| PROBLEM |
The answer must be the lines from the one that holds "超白坯密縫系列,以無縫之美引" through the final line of the data, copied exactly, with no pictures.

| DATASET EXTRACT |
%%

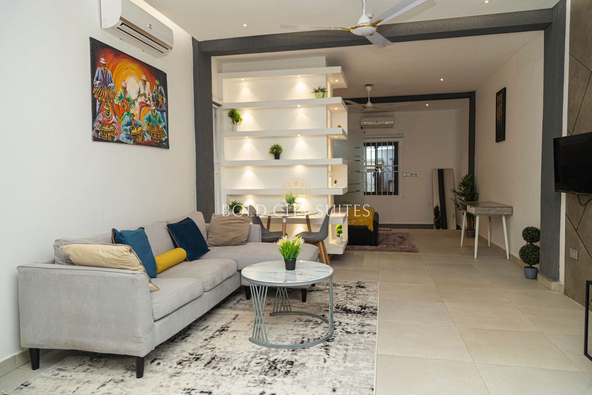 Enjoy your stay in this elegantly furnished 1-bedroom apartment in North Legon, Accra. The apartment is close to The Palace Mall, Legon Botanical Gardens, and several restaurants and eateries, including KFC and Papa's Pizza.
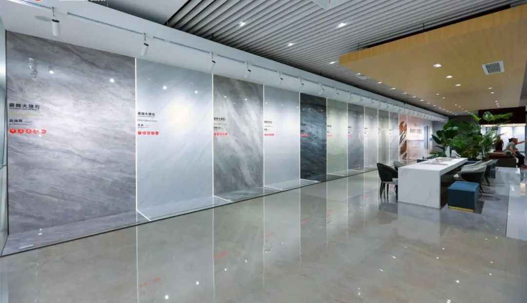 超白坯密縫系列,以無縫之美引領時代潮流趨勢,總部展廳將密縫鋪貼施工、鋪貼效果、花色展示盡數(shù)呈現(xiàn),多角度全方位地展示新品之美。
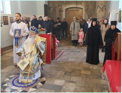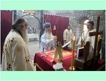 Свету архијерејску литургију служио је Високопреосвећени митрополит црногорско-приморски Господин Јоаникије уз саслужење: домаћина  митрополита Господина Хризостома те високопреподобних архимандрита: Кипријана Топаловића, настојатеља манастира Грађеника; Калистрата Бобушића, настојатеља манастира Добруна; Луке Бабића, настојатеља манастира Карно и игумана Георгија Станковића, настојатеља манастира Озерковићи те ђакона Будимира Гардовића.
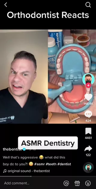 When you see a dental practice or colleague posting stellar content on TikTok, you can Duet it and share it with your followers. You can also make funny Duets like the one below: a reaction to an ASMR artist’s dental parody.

%%

| RESULT |
 超白坯密縫系列,以無縫之美引領時代潮流趨勢,總部展廳將密縫鋪貼施工、鋪貼效果、花色展示盡數(shù)呈現(xiàn),多角度全方位地展示新品之美。
 Свету архијерејску литургију служио је Високопреосвећени митрополит црногорско-приморски Господин Јоаникије уз саслужење: домаћина  митрополита Господина Хризостома те високопреподобних архимандрита: Кипријана Топаловића, настојатеља манастира Грађеника; Калистрата Бобушића, настојатеља манастира Добруна; Луке Бабића, настојатеља манастира Карно и игумана Георгија Станковића, настојатеља манастира Озерковићи те ђакона Будимира Гардовића.
 When you see a dental practice or colleague posting stellar content on TikTok, you can Duet it and share it with your followers. You can also make funny Duets like the one below: a reaction to an ASMR artist’s dental parody.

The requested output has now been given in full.